Applications of Enzyme Immobilized Membranes: A Review

Junghyun Ryu*, Rajkumar Patel**, Jong Hak Kim***
*Life Science and Biotechnology Department (LSBT), Underwood Division (UD), Underwood International College, Yonsei University, Seoul 03722, South Korea
**Energy and Environmental Science and Engineering (EESE), Integrated Science and Engineering Division (ISED), Underwood International College, Yonsei University, Incheon 21983, South Korea
***Department of Chemical and Biomolecular Engineering, Yonsei University, Seoul 03722, South Korea
Corresponding author(e-mail: jonghak@yonsei.ac.kr; 0000-0002-5858-1747)
December 18, 2021 ; December 26, 2021 ; December 27, 2021

Abstract


Enzymes are important class of catalyst for biotransformation. Stability and reusability of enzymes during the catalysis process is a key issue. Activity of enzyme can be enhanced by its immobilization on a suitable substrate by creation of specific microenvironment. A variety of membranes has been used as substrate due to the biocompatibility and simpler method to tune hydrophilicity/hydrophobicity property of the membrane surface. In this review, polymer membranes including cellulose, polyacrylonitrile (PAN), polydimethylsiloxane (PDMS), polyvinylidene fluoride (PVDF), polyethersulfone (PES) are introduced and discussed in detail. Biodegradation of organic contaminants by immobilized enzyme is an environmental friendly process to reduce the contamination of environment in pharmaceutical company and textile industries. The controlled hydrolysis of oil can be performed in enzyme immobilized membrane bioreactor (EMBR), resulting in reducing carbon emission and reduced environmental pollution. Bioethanol and biodiesel are considered alternative fossil fuels that can be prepared in EMBR.

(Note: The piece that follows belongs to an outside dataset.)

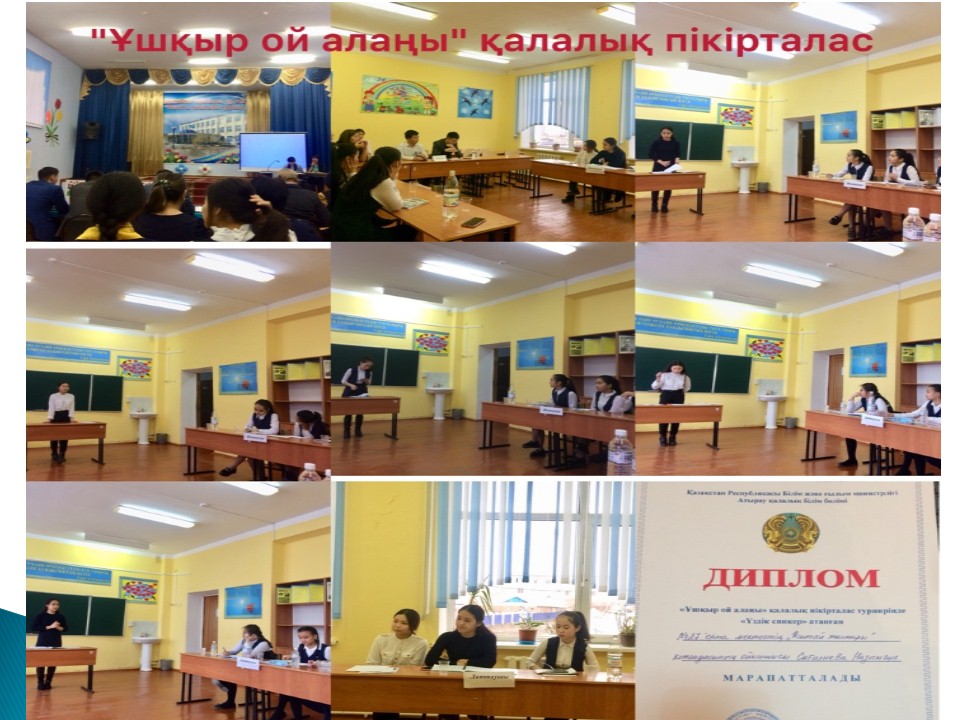 2022 жылдың 14-15 сәуір күндері 7 - 10 сыныптың қыз балаларына кеңес беру мақсатында Атырау қалалық №3 емханананың акушер - гинекологы Шакибалиева Гулфара және психолог маман Балтаева Айнурмен "Ерте жастағы жүктіліктің алдын алу" тақырыбында кездесу өтті. Онда қыздарға ерте жүктіліктің салдары қандай болады; оның адам өміріне тигізетін келешектегі қауіп-қатері қандай; тағы басқада осындай үлкен сұрақтың төңірегінде әңгіме қозғалды. Қыздардың тарапынан қойған сұрақтары мен пікірлері талқыланды. Кездесу соңында жасөспірім қыздарға салауатты өмір салтын ұстануға, өз денсаулықтарына жауапкершілікпен қарауға кеңестер берілді.
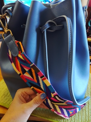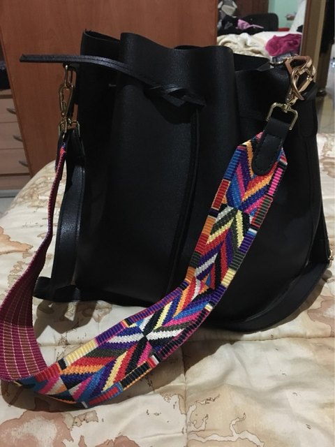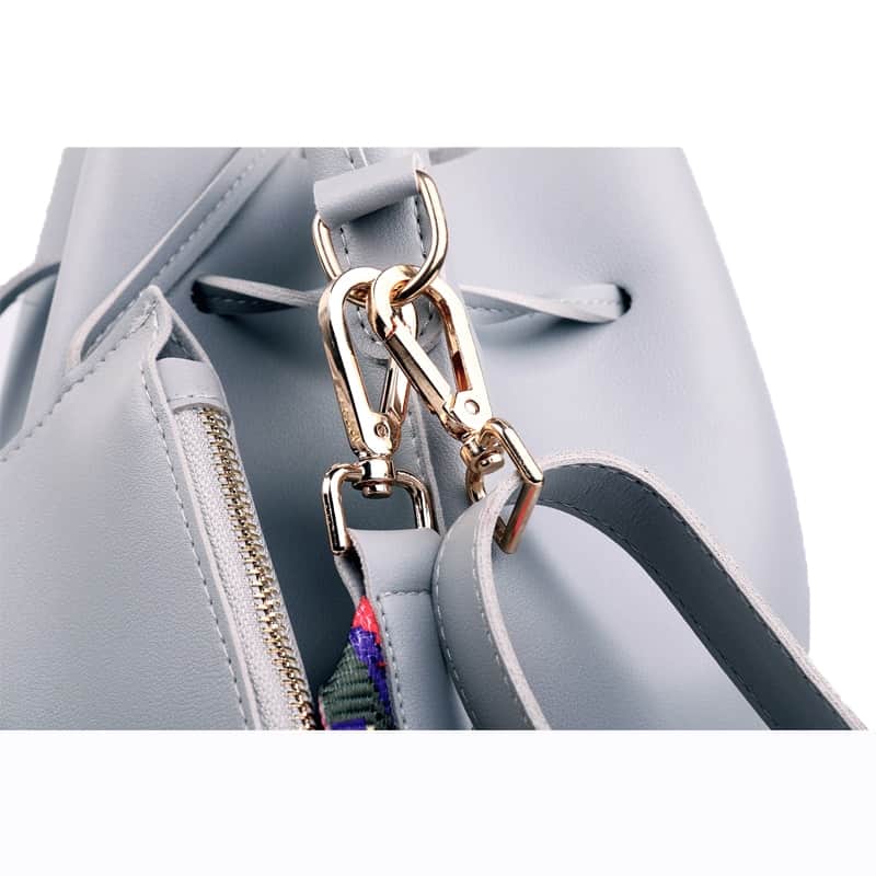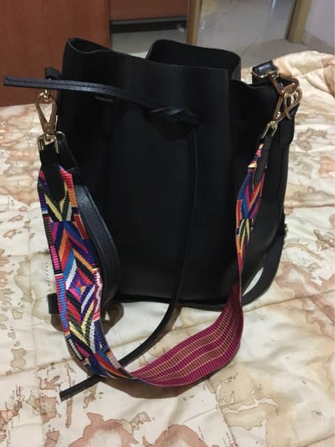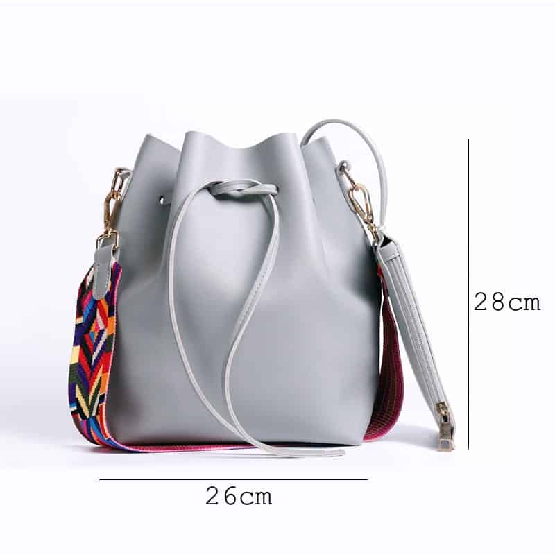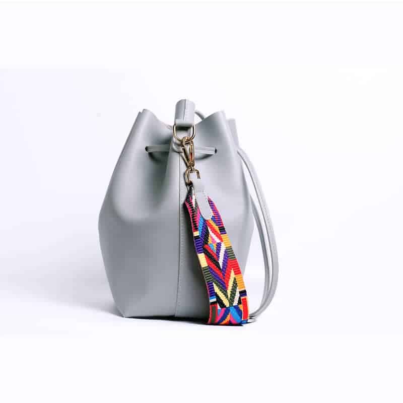 Sometimes it’s the accent on a piece that makes it great, and that’s the case with this simple bucket bag. The bag itself has a drawstring design that makes it secure while the strap adds a striking splash of color. A great accent to an otherwise understated outfit.

enzyme immobilized membrane bioreactor , bioethanol , biodiesel , bio degradation

효소 고정화막의 응용에 대한 총설

유 정 현*, 라즈쿠마 파텔**, 김 종 학***
*연세대학교 언더우드학부 생명과학공학과
**연세대학교 언더우드학부 융합과학공학부 에너지환경융합전공
***연세대학교 화공생명공학과

초록


생체 내 변화에서 효소는 중요한 촉매이다. 효소의 안정성과 재사용성은 촉매 과정에서 중요한 요소이다. 적합한 기질에 효소 고정화는 특정 미세환경의 조성을 통해 효소 활동성을 높인다. 다양한 종류의 분리막이 각각의 생체적합성과 막 표면의 친수성/소수성 조절 용이도에 따라 기질로 사용되었다. 본 논문에서는 셀룰로스, 폴리아크릴로니트릴(PAN), 폴리디메 틸실록산(PDMS), 폴리비닐리덴플루오라이드(PVDF), 폴리에테르설폰(PES) 고분자 분리막이 소개되고 토의되었다. 고정화 효 소를 이용한 유기오염물의 생물적 분해는 제약 회사 및 섬유 회사 등에서 발생하는 오염물질을 친환경적으로 감소할 수 있는 방법이다. 효소 고정화 생물반응기(EMBR)로 기름의 가수분해를 제어할 수 있고 이를 통해 탄소 배출량 감소 및 환경오염을 줄일 수 있다. EMBR로 만들 수 있는 바이오에탄올과 바이오디젤은 화석 연료의 대체제이다.


    1. Introduction

    Environmental pollution due to continuous increase of fossil fuel leads to finding out alternative source of energy. Bio-based fossil fuel are alternative source of energy. Enzymes, present in living system are known as biocatalyst[1-5]. Advantage of these over chemical catalyst is that they are i) environmental friendly leading to ease of disposal, ii) highly selective resulting in pure product, iii) reactive under mild condition and iv) abundantly availability. Enzymes are classified as oxido- reductases, transferases, hydrolyases, lyases, Isomerases and ligases.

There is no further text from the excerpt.